■ Task details: Print exactly the lines of the listing below from the one containing "ПОДЯКА ЛЕТИЧІВСЬКОМУ СЕЛИЩНОМУ" through the final line, both included, and no pictures.

■ Data provided:
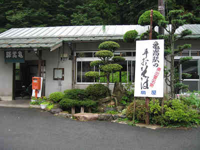 温泉を出発し、周囲を眺めていたら十三仏の石像が立っていた。これば先祖供養のために建てられたものだそうだ。その後、目の前に広がる玉峰山を眺めた後、亀嵩駅に立ち寄り、駅のそば屋さんにてそばを頂く。いつもの山かけそばを食べているとホームに木次線の電車が到着した。とても雰囲気のよい店である。休日を一日たっぷりと楽しんだ。
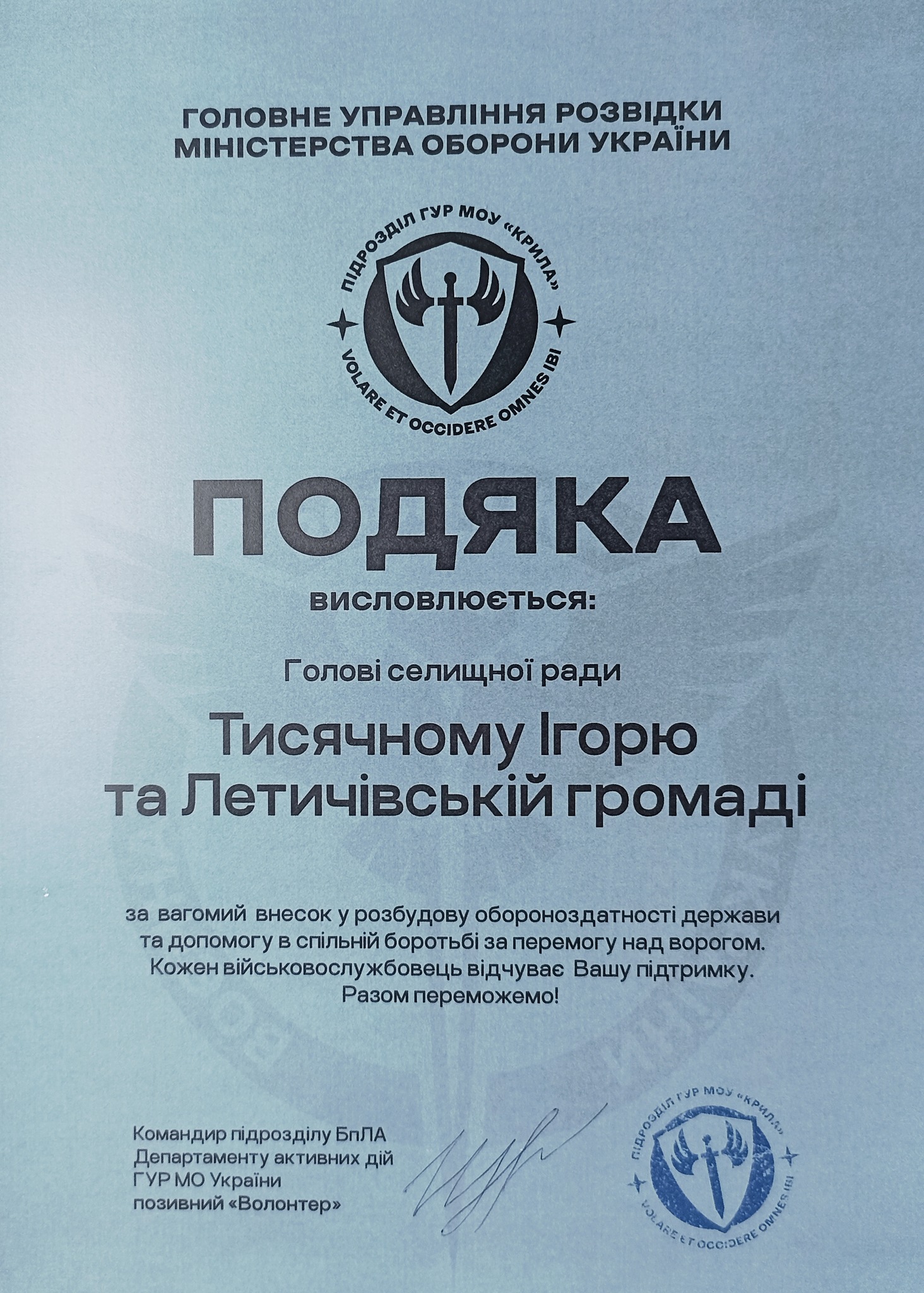 ПОДЯКА ЛЕТИЧІВСЬКОМУ СЕЛИЩНОМУ ГОЛОВІ ТА ГРОМАДІ
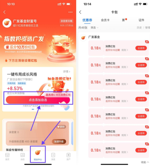 支付宝APP扫码->底部“粉丝中心”->挨个加入自选然后领多个消费红包,红包可叠加使用
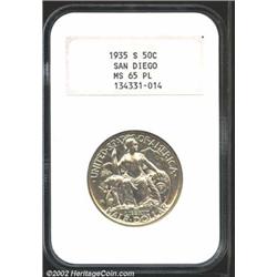 1935-S 50C San Diego MS65 Prooflike NGC.  Glossy and bright, the prooflike surfaces are veiled in delicate golden iridescence. A sharp looking coin with expectantly strong eye appeal for the grade.  Important notice: We expect to be auctioning lots at the rate of 200-250 per hour. Sometimes eBay Premier live bid software cannot keep up with that pace, so we strongly recommend that you place a realistic proxy bid now as insurance to avoid disappointment. Also please note that all Heritage/CAA lots purchased through eBay Premier carry a 20% Buyer's Premium.
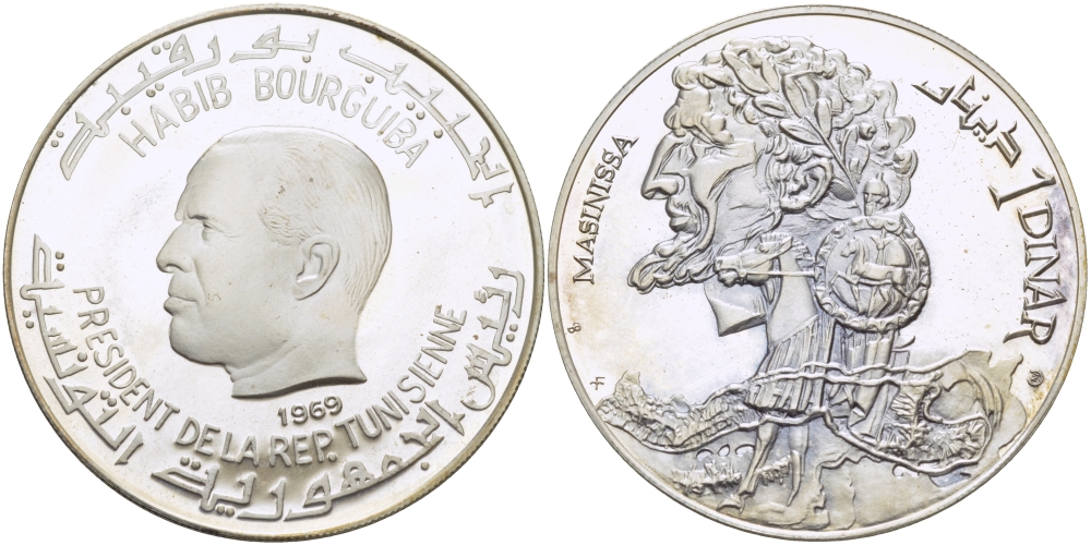 Тунис 1 динар 1969 Хабиб Бургиба, Массинисса, первый царь Нумидии KM 293 серебро PROOF 00-00-00

■ Answer to this problem:
 ПОДЯКА ЛЕТИЧІВСЬКОМУ СЕЛИЩНОМУ ГОЛОВІ ТА ГРОМАДІ
 支付宝APP扫码->底部“粉丝中心”->挨个加入自选然后领多个消费红包,红包可叠加使用
 1935-S 50C San Diego MS65 Prooflike NGC.  Glossy and bright, the prooflike surfaces are veiled in delicate golden iridescence. A sharp looking coin with expectantly strong eye appeal for the grade.  Important notice: We expect to be auctioning lots at the rate of 200-250 per hour. Sometimes eBay Premier live bid software cannot keep up with that pace, so we strongly recommend that you place a realistic proxy bid now as insurance to avoid disappointment. Also please note that all Heritage/CAA lots purchased through eBay Premier carry a 20% Buyer's Premium.
 Тунис 1 динар 1969 Хабиб Бургиба, Массинисса, первый царь Нумидии KM 293 серебро PROOF 00-00-00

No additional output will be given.